Dans le même ordre d’idées, il est possible de recourir à la signature électronique pour marquer le contenu et rendre disponible une fiche informative sur celui-ci. C’est l’approche retenue par Content Credential, qui regroupe un certain nombre d’acteurs de l’industrie comme Adobe ou Microsoft et qui repose sur un standard développé par une organisation à but non lucratif, la Coalition for Content Provenance and Authenticity (C2PA). Le créateur peut signer le contenu et rendre disponible la vérification de son origine via ce système. Il s’agit là d’un mécanisme classique de signature électronique, et non d’un marquage de l’œuvre à la différence du premier procédé. Ce type de solutions est voué à se multiplier, non seulement sous la pression du législateur mais surtout pour protéger les droits d’auteur, mis à mal par les algorithmes génératifs.
Mais si le contenu n’est pas signé ou marqué, comment faire pour détecter son origine ? C’est ici qu’interviennent deux autres techniques.
La première repose sur l’entraînement spécifique d’un classifieur. Pour détecter ces différences et identifier leurs caractéristiques, il existe des jeux de données comme ai-text-detection-pile qui mettent côte-à-côte des textes générés par des humains et ceux par des IA. L’idée est d’entraîner un modèle à apprendre les caractéristiques de chaque groupe de texte pour, ensuite, pouvoir détecter les productions humaines des contenus synthétiques.
Une seconde approche réside dans la signature statistique des mots générés par les modèles. Cette technique a l’avantage de ne nécessiter que peu ou pas d’entraînement (zero ou few shots). Elle repose notamment sur la notion de perplexité, c’est-à-dire la mesure, intrinsèque au modèle, de la « surprise » qu’il rencontre lors de la génération des mots. Plus le score est proche de 1 moins le modèle est surpris et génère une prédiction du mot suivant performante. Parce que les modèles sont imparfaits, il est possible de détecter leur production à partir de ce score. Au fur et à mesure qu’il s’approche des productions d’origine humaine, cette technique perd en efficacité.
Récemment, des chercheurs ont développé une technique nommée ‘Binoculars’, qui s’appuie sur deux LLM (modèles de langage à grande échelle) pour évaluer, sans entraînement additionnel, l’origine d’un texte. Les résultats, rendus publics, sont assez impressionnants, notamment en ce qui concerne les faux positifs, c’est-à-dire la capacité à ne pas identifier à tort un texte écrit par un humain comme étant d’origine synthétique. Les créateurs de cette technique ont publié l’intégralité de leur méthode et des résultats. La Fondation Mozilla a souhaité tester ces travaux en utilisant la base de données ai-text-detection-pile et, malheureusement, leurs résultats se sont avérés beaucoup moins enthousiasmants. Par exemple, le nombre de faux positifs a doublé lors de leurs tests.

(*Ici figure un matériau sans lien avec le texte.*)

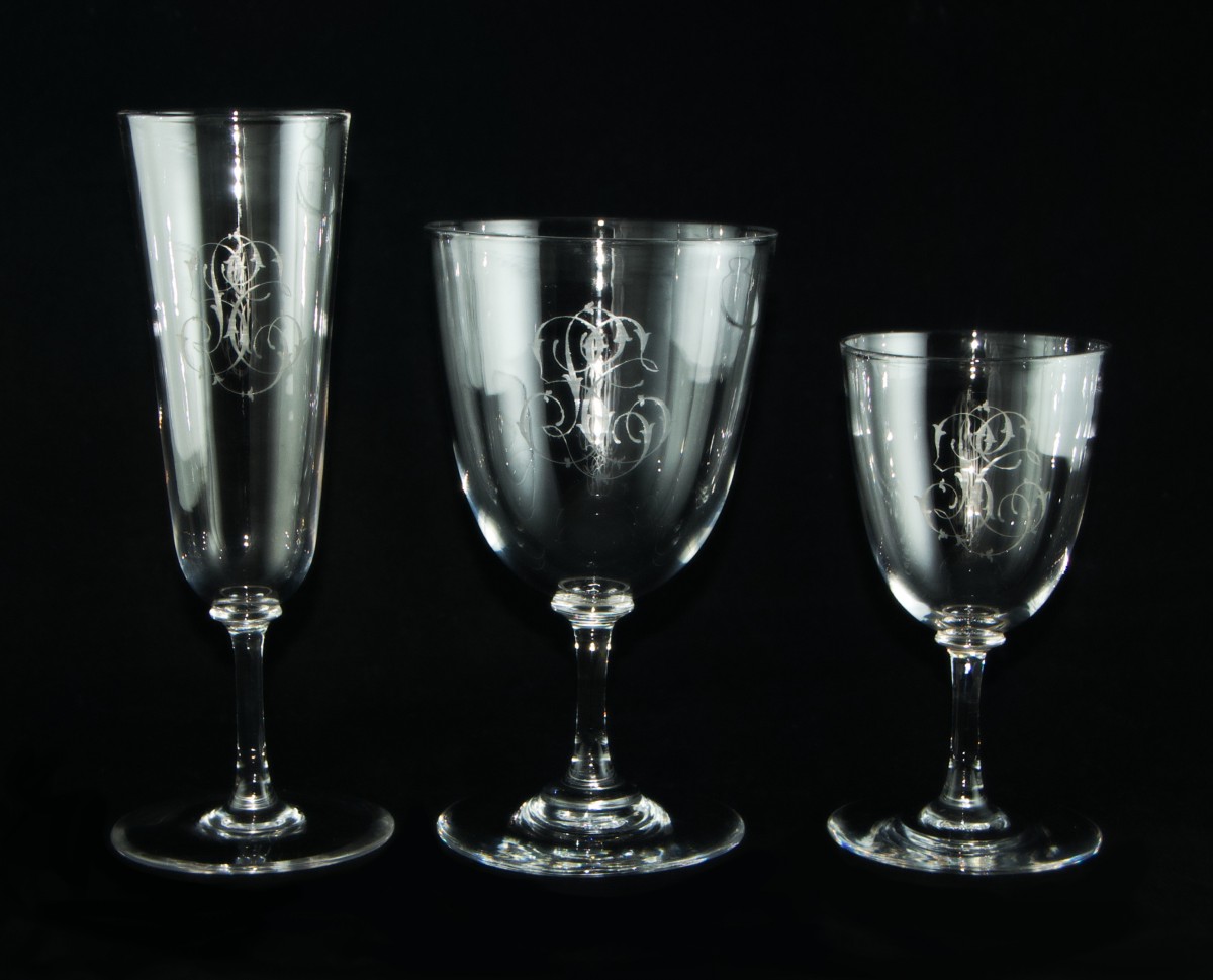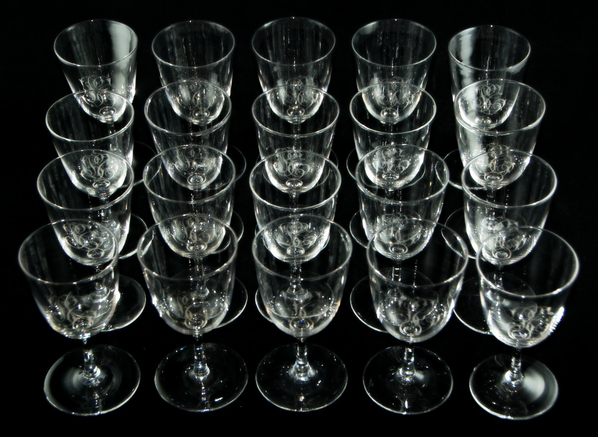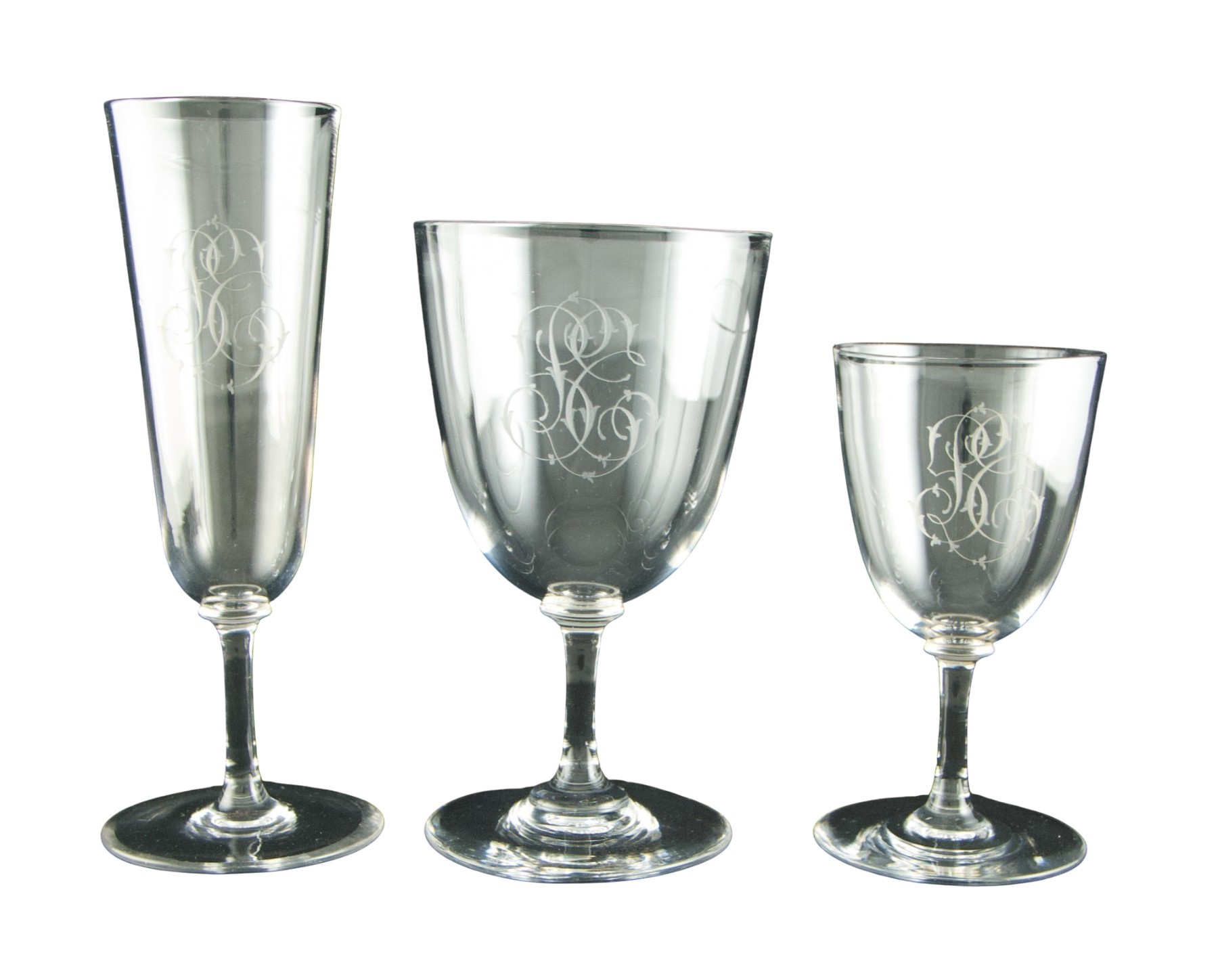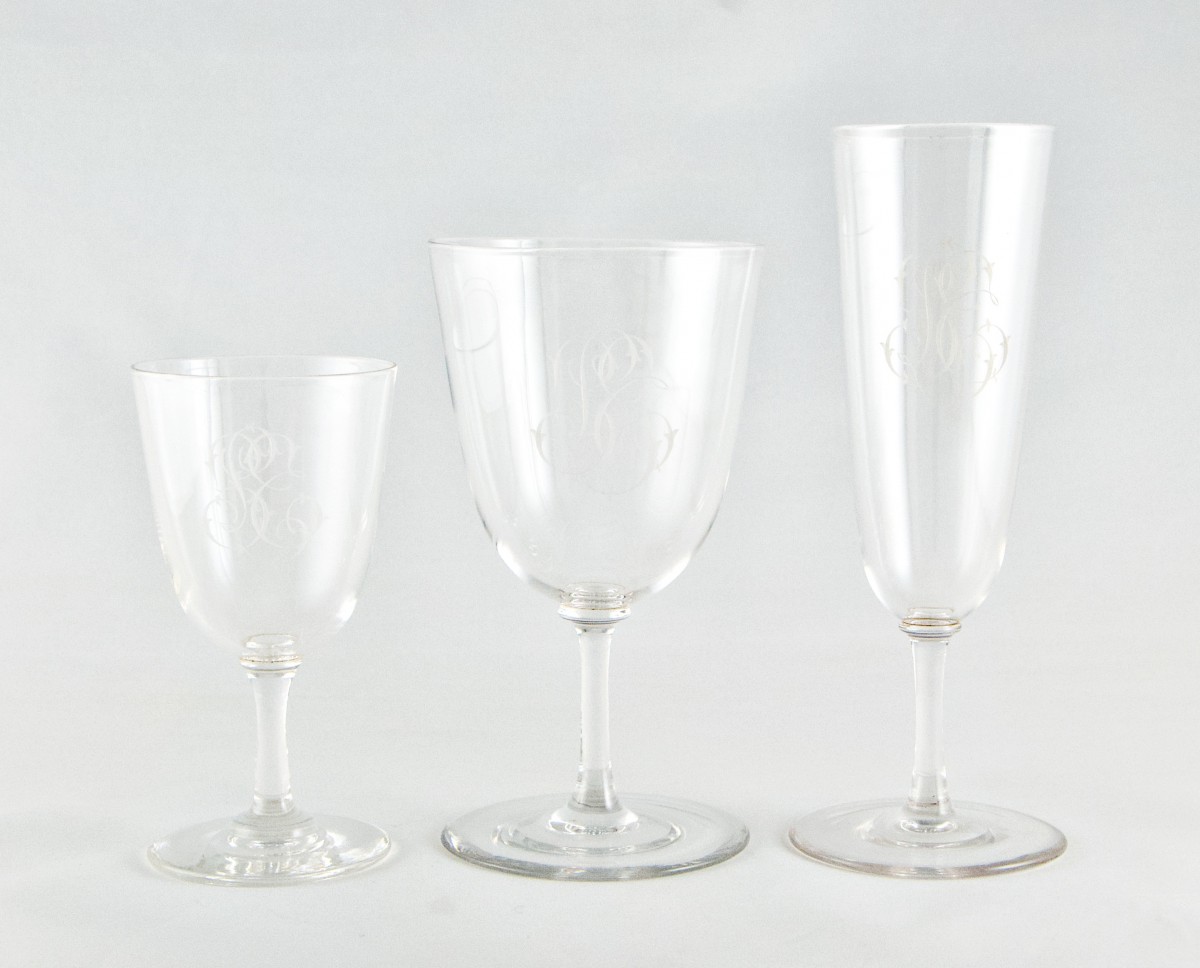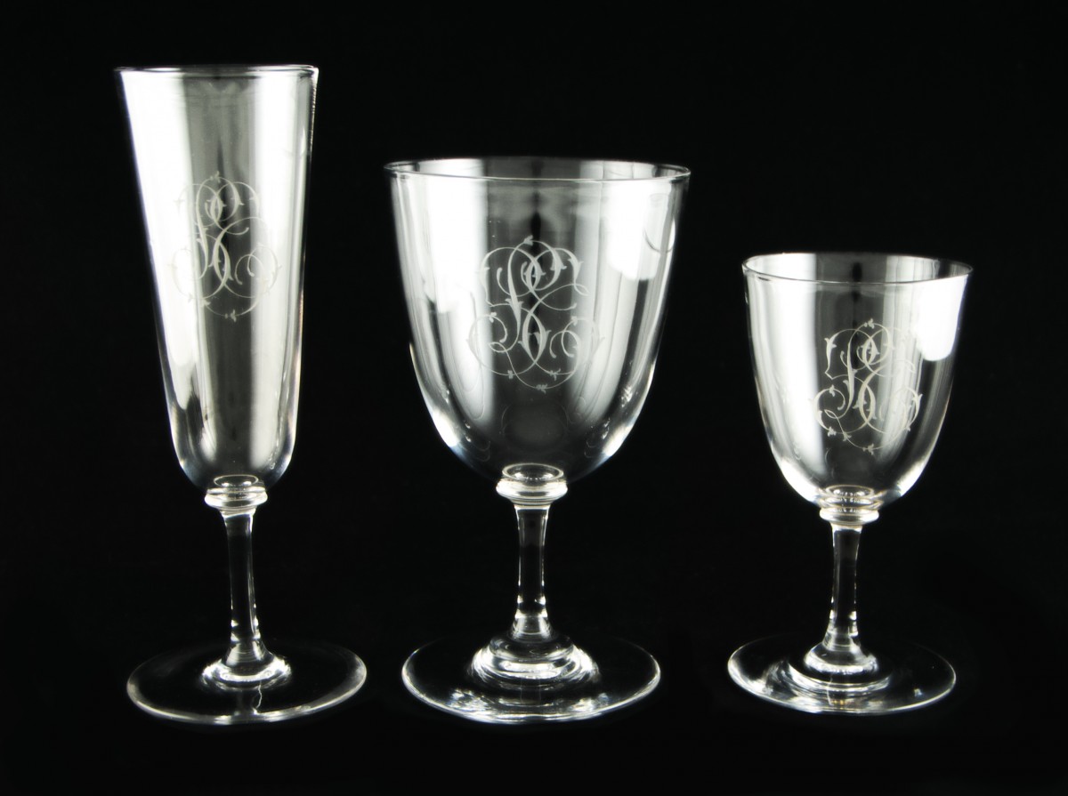 Set of forty-three clear crystal glasses in three sizes, with moulded stems and bowls finely engraved with an intertwined monogram in English script, composed of a central L flanked by the letters probably S and T.

Cela met en lumière la complexité du problème et, surtout, l’absence de solutions fiables à l’état de l’art pour assurer la traçabilité des contenus par le marquage ou la détection. Même les géants du secteur ont pour le moment, renoncé à détecter le plagiat devant l’inefficacité des solutions mises en place.
Il sera intéressant de voir, dans les prochains mois, comment les groupes de travail mis en place par l’IA Act aborderont ce problème crucial et s’ils trouveront, ou non, des parades technico-juridiques pour y faire face.